I've got two long lists A and B which have the same length but contain different numbers of equivalent elements:
List A can contain many elements which also can recur in the same field.
List B either contains only one element or an empty field, i.e. "character(0)".
A also contains some empty fields but for these records there's always an element present in B, so there are no records with empty fields in A and B.
I want to combine the elements of A and B into a new list of the same length, C, according to the following rules:

  • All elements from A have to be present in C - including their potential recurrences in the same field.
  • If B contains an element which isn't already present in A of the same record it'll be added to C as well.
  • But if B contains an element which already is present in A of the same record it'll be ignored.
  • If A has an empty field the element from B for this record will be added to C.
  • If B has an empty field the element(s) from A for this record will be added to C.

This is an example of how these lists begin:

> A  
 [1] "JAMES" "JAMES"  
 [2] "JOHN" "ROBERT"  
 [3] "WILLIAM" "MICHAEL" "WILLIAM" "DAVID" "WILLIAM"  
 [4] character(0)  
...  
> B  
 [1] "RICHARD"  
 [2] "JOHN"  
 [3] character(0)  
 [4] "CHARLES"  
...  

This is the correct output I'm looking for:

> C  
 [1] "JAMES" "JAMES" "RICHARD"  
 [2] "JOHN" "ROBERT"  
 [3] "WILLIAM" "MICHAEL" "WILLIAM" "DAVID" "WILLIAM"  
 [4] "CHARLES"  
... 

I tried, e.g.:

C <- sapply(mapply(union, A,B), setdiff, character(0))  

But this deleted the recurrences from A, unfortunately:

> C  
 [1] "JAMES" "RICHARD"  
 [2] "JOHN" "ROBERT"  
 [3] "WILLIAM" "MICHAEL" "DAVID"  
 [4] "CHARLES"  
...  

Can anybody tell me, please, how to combine these two lists, preserve the recurrences from A, and achieve the output I desire?

Thank you very much in advance!

Update: Machine readable data:

A <- list(c("JAMES","JAMES"),
          c("JOHN","ROBERT"), 
          c("WILLIAM","MICHAEL","WILLIAM","DAVID","WILLIAM"),  
          character(0))
B <- list("RICHARD","JOHN",character(0),"CHARLES")
Gavin Simpson
  • 170,508
  • 25
  • 396
  • 453
user0815
  • 115
  • 2
  • 8
  • 1
    Could you provide the data in such a way that other people could read it in?

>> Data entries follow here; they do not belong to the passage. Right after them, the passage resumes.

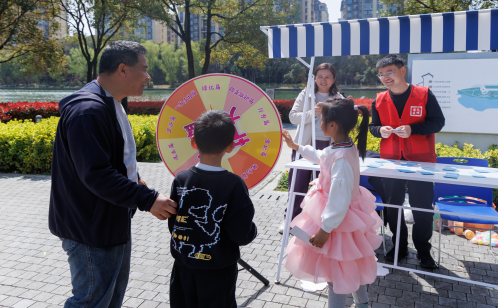 移步“目”點,節水大轉盤前圍滿了躍躍欲試的居民。轉盤轉動,指針停留,志愿者隨機抽取一道與場景相關的節水問題進行提問。“淘米水可以做什么?”“洗車時應該用什么方式更節水?”……孩子們爭先恐后地回答,答對者歡呼雀躍,答錯者也在志愿者的耐心科普中獲得重答機會。歡聲笑語間,節水知識悄然入心。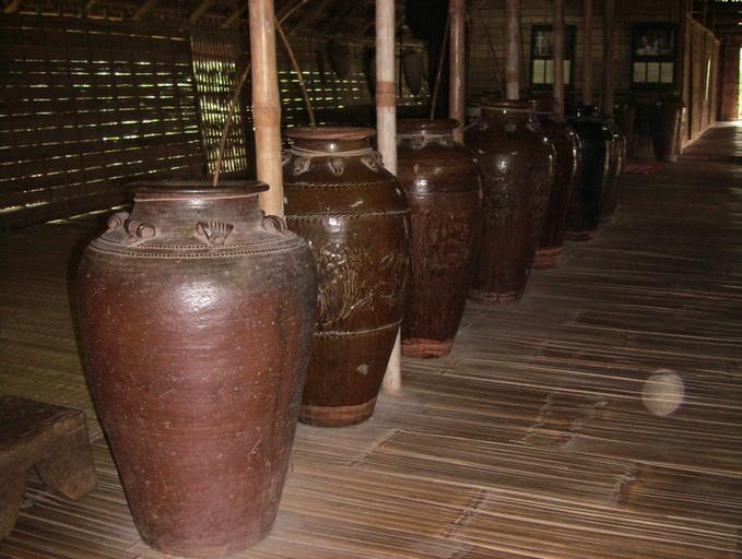 Keywords: Ruou can jars in E De long house.png Những vò rượu cần lớn bầy giữa nhà dài của ngư i Ê Đê Jars of rượu cần in a long house of E De people in Tây Nguyên Vietnam own self-taken 2007-10-28 Binh Giang Binh Giang Pictures by Binh Giang Rượu cần Long houses of the E De people |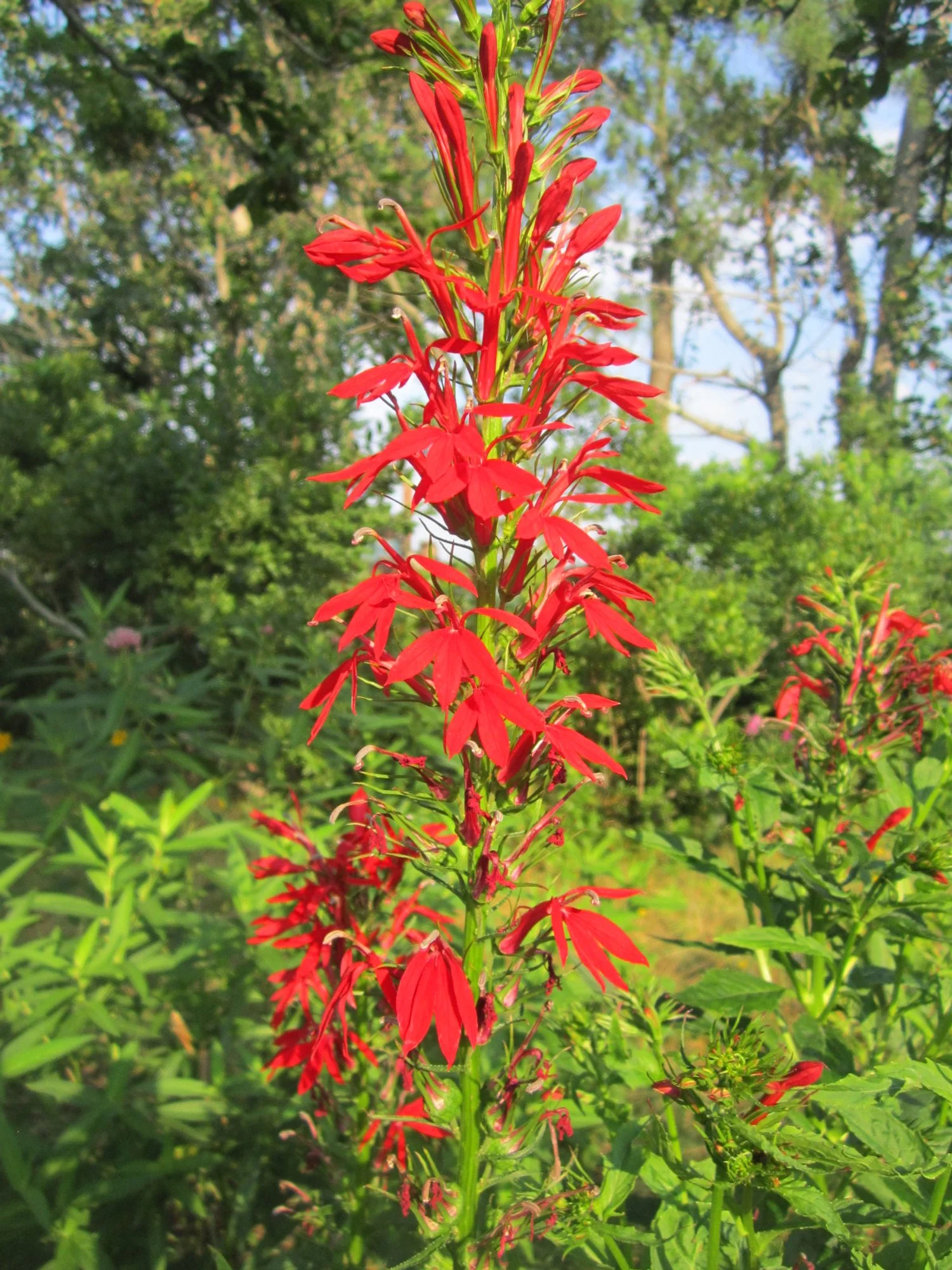 The cardinal flower has a tubular structure with the nectar at the bottom of the tube. Only humming birds with their long beaks or butterflies with long tongues can reach this nectar. Although it likes moist areas, it seems to be surviving in our meadow.
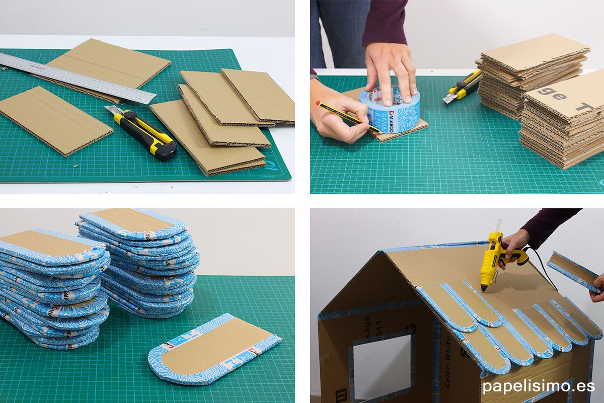 Сделать его не так уж сложно из нескольких коробок. Соединяют коробки между собой с помощью степлера, строительного скотча или клея. Окна и двери вырезают макетным ножом и декорируют.

This would help them to get the example running and they have more time to find a good solution for you. Have a look here on how you could do that: [SO](http://stackoverflow.com/questions/5963269/how-to-make-a-great-r-reproducible-example). In particular, have a look at `dput`. – Christoph_J Jun 14 '12 at 10:15
  • Thank you very much for your comment and advice! Next time I'll heed it as good as I can. – user0815 Jun 14 '12 at 12:19

1 Answers1

7

Here is your snippte of data, in reproducible form:

A <- list(c("JAMES","JAMES"),
          c("JOHN","ROBERT"), 
          c("WILLIAM","MICHAEL","WILLIAM","DAVID","WILLIAM"),  
          character(0))
B <- list("RICHARD","JOHN",character(0),"CHARLES")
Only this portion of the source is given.